Originariamente apparso su: http://www.movimentoarcaico.it/pages/prevenzione-recupero-infortuni.html

NUOVE IDEE SULLA PREVENZIONE E IL RECUPERO DEGLI INFORTUNI
di Massimo Mondini

La scienza dell’integrazione mente-corpo continua nei suoi miglioramenti sempre più stupefacenti. Ecco come influisce notevolmente sui processi di prevenzione dagli infortuni e di recupero.L’infortunio è da sempre temuto da ogni atleta e da ogni società sportiva. In particolare al giorno d’oggi, in cui la competizione è sempre più serrata, la possibilità di avere i propri atleti disponibili per tutto l’anno sportivo può fare la differenza tra una stagione vincente e una perdente.
Negli ultimi anni l’attenzione alla prevenzione degli infortuni è aumentata e si sono riscontrati alcuni progressi.

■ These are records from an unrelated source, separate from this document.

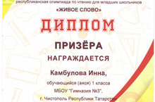 Учащиеся нашей гимназии приняли участие в очной республиканской олимпиаде по чтению для младших школьников «Живое слово». Призерами олимпиады стали учащиеся Камбулова Инна, Лапшина Диана (учитель: Смирнова Е.Г.), Сидоров Марк (учитель: Горелова Н.П.). Поздравляем! Молодцы!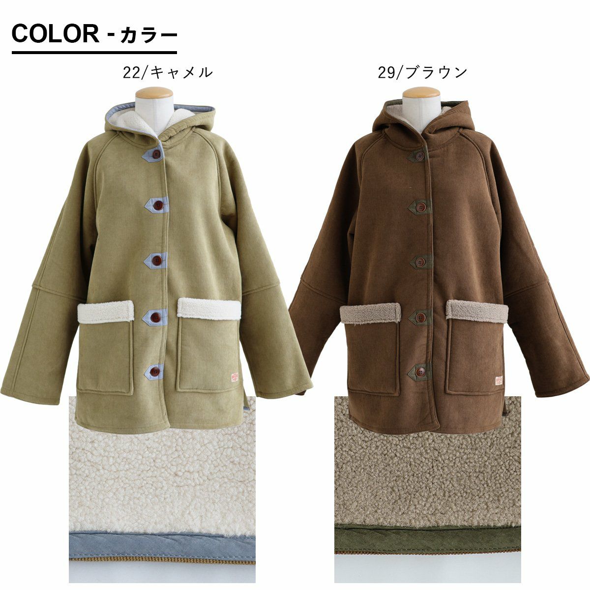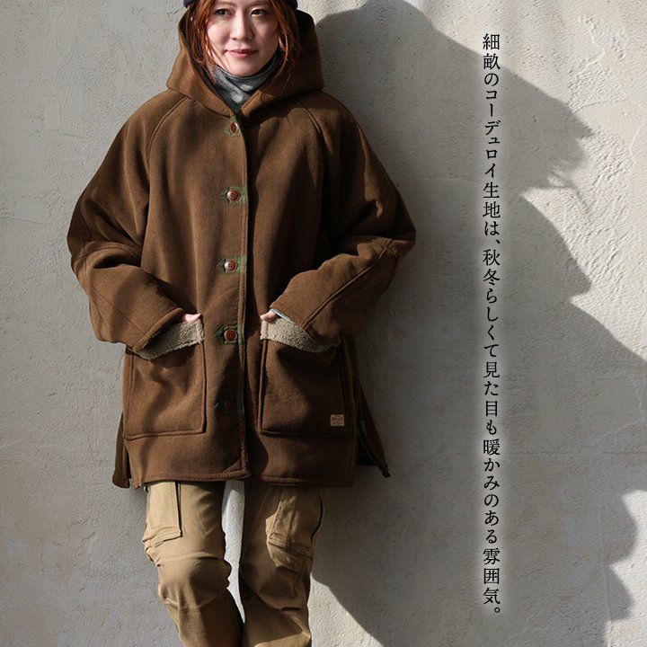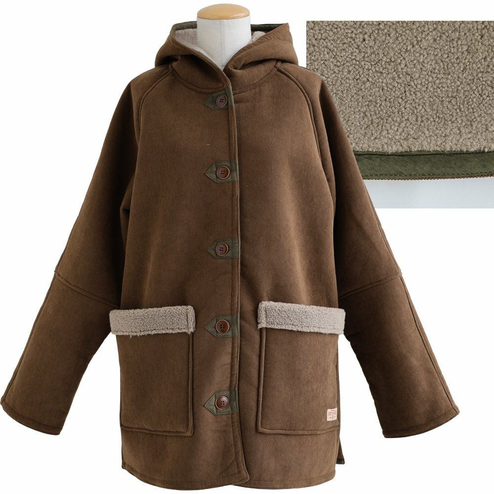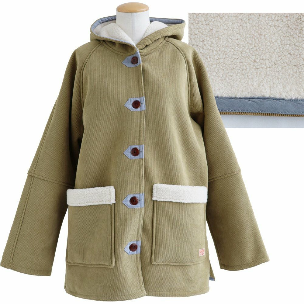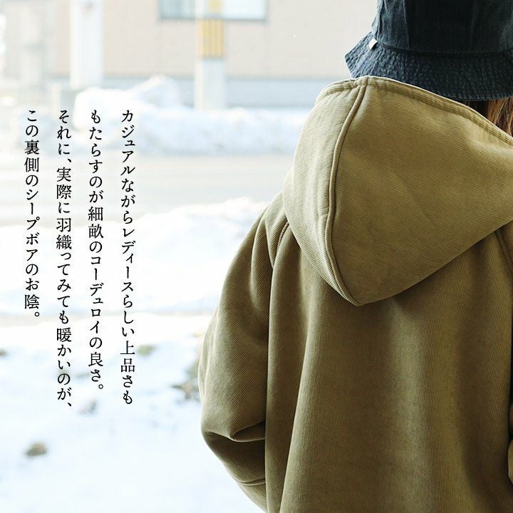 過ぎずに羽織れて、暖かくて、色々と安心。 KRIFF MAYER クリフメイヤー ジャケット レディース お尻隠れる ミディ丈 フード付き コーデュロイ 裏ボア シープボア 暖かい ゆったり 大きいサイズ カジュアル 秋 冬 パティ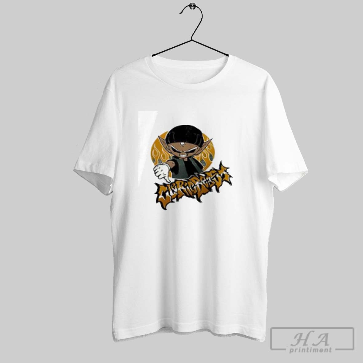 Cleric Beast Anime Dark Elf Thumbs Down Flame Background Graphic Shirt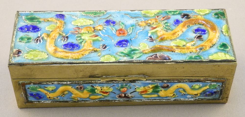 Chinese Enamel Stamp Box, 4 3/8" length.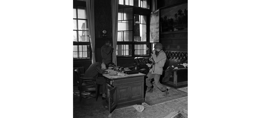 Миллер же снимала везде и всегда, беспощадно по отношению к себе и будущим зрителям своих фотографий. Она, например, сняла акт самоубийства в Лейпцигской ратуше перед приходом союзнических войск. На фото – мертвый заместитель бургомистра Лейпцига Курт Лиссо, ветеран НСДАП, отравившийся вместе с женой и дочерью. Они сидят за столом, у девушки на пальто нарукавник с повязкой, на голове белая шапочка с красным крестом. Рядом с ней в кожаном кресле её мать с открытыми глазами, отец уронил голову на массивный стол. Барочная точность мортальной атмосферы делает фото шедевром.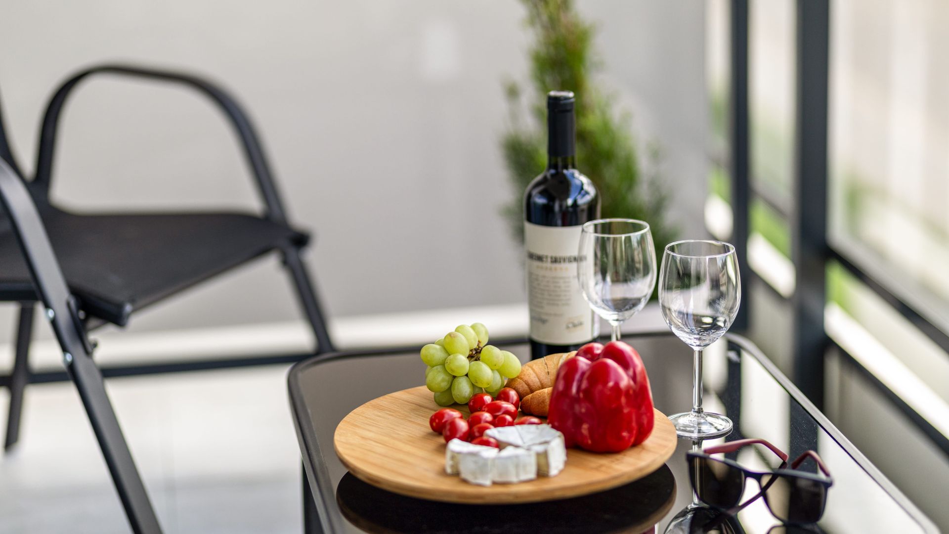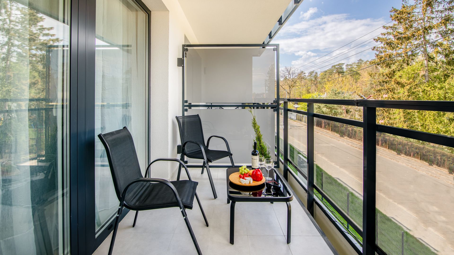 Z salonu jest wyjście na przestronny balkon, na którym znajdują się meble ogrodowe – idealne do wypicia porannej kawy w promieniach słońca lub wieczornego wina pod gwiaździstym niebem.
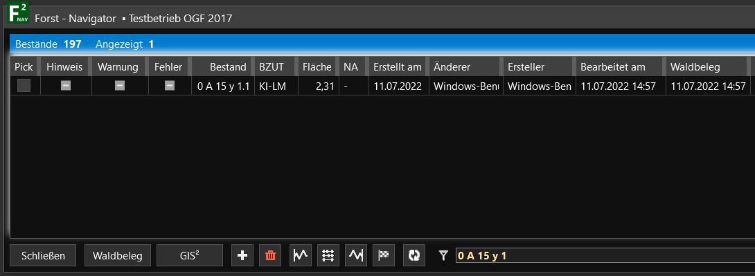 Die zu den Unterflächen gehörenden Bestände können im Navigator angezeigt werden. Nutzen Sie hierzu dessen Filterfunktion. Im vorliegenden Beispiel soll der Bestand 0 A 15 y 1.1 in 0 A 15 y 1.2 umbenannt werden.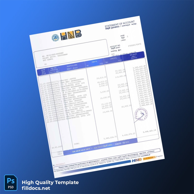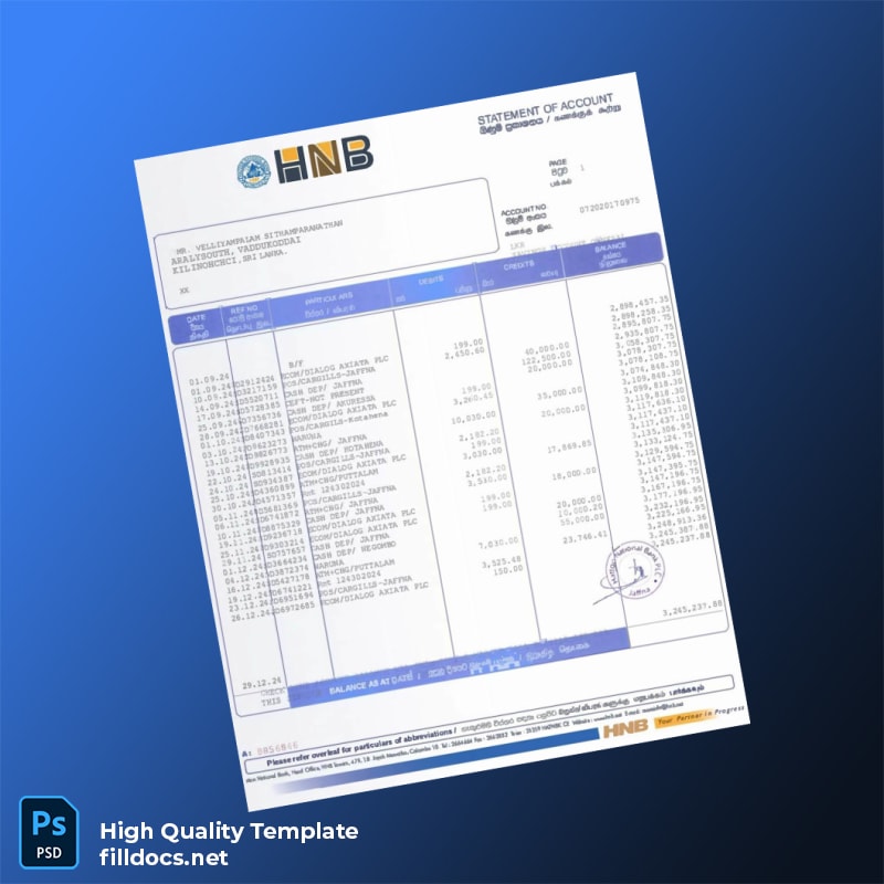 Sri Lanka HNB Bank Statement Template in Word and PDF Formats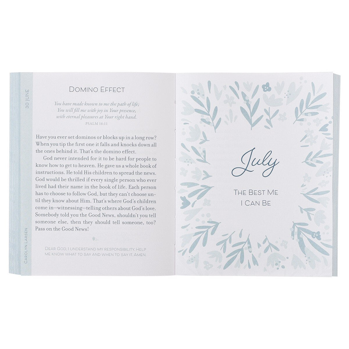 The entries for each month are organized around a theme. Each daily entry includes a Scripture verse combined with a child-oriented, real-life situational devotional passage and a simple prayer.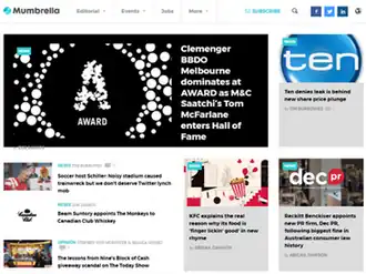 Mumbrella is an Australian marketing and media industry news website. It was started in December 2008 by Tim Burrowes, and has since gone on to become a popular source for news, analysis and commentary on the advertising, PR, and media industries. As of 2021, its parent company is Focal Attractions.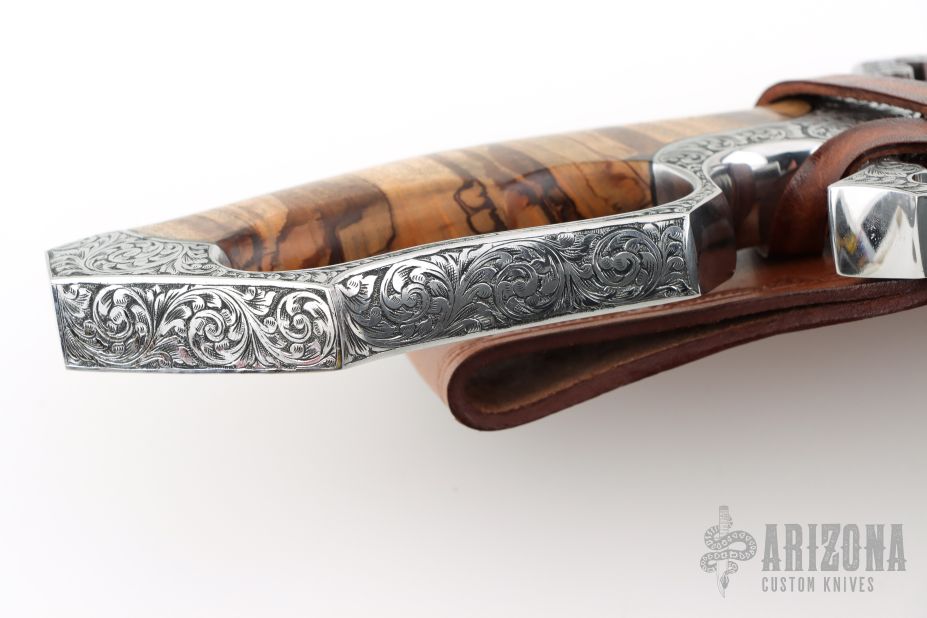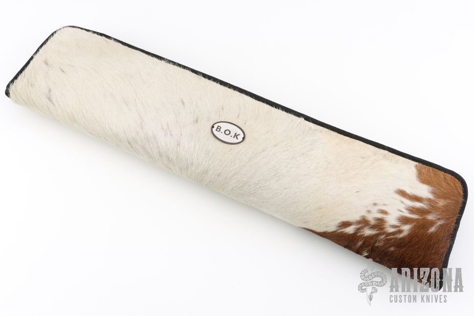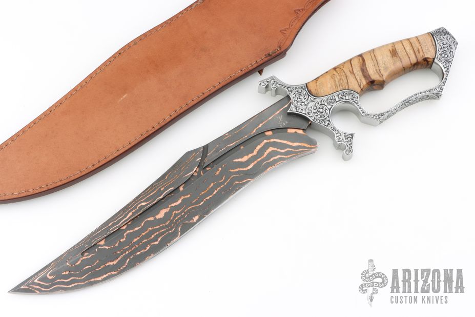 This D-Guard Bowie by Black Ore Knives features a Copper Carbon San Mai Damascus blade with false top edge and milled fullers, .237" blade stock and 2.350" blade depth, hidden tang construction. The handle has an engraved stainless steel D-Guard with black spacers, wood grip. Comes with a hand tooled brown leather sheath. New from maker. Comes with a zippered case.

Molto rimane ancora da fare sia per i cosiddetti infortuni da stress, imputabili soprattutto a squilibri muscolari, sia per gli eventi traumatici più propriamente detti.Ovviamente l’infortunio è un momento difficile, sia per gli atleti che per le società, un momento che tutti cercano di superare nel minor tempo e con il minor danno possibile. Capita spesso che accelerare una procedura di recupero per logiche legate al risultato risulti controproducente, costringendo gli atleti a nuovi stop e ad affrontare problemi di solito più complicati di quelli iniziali.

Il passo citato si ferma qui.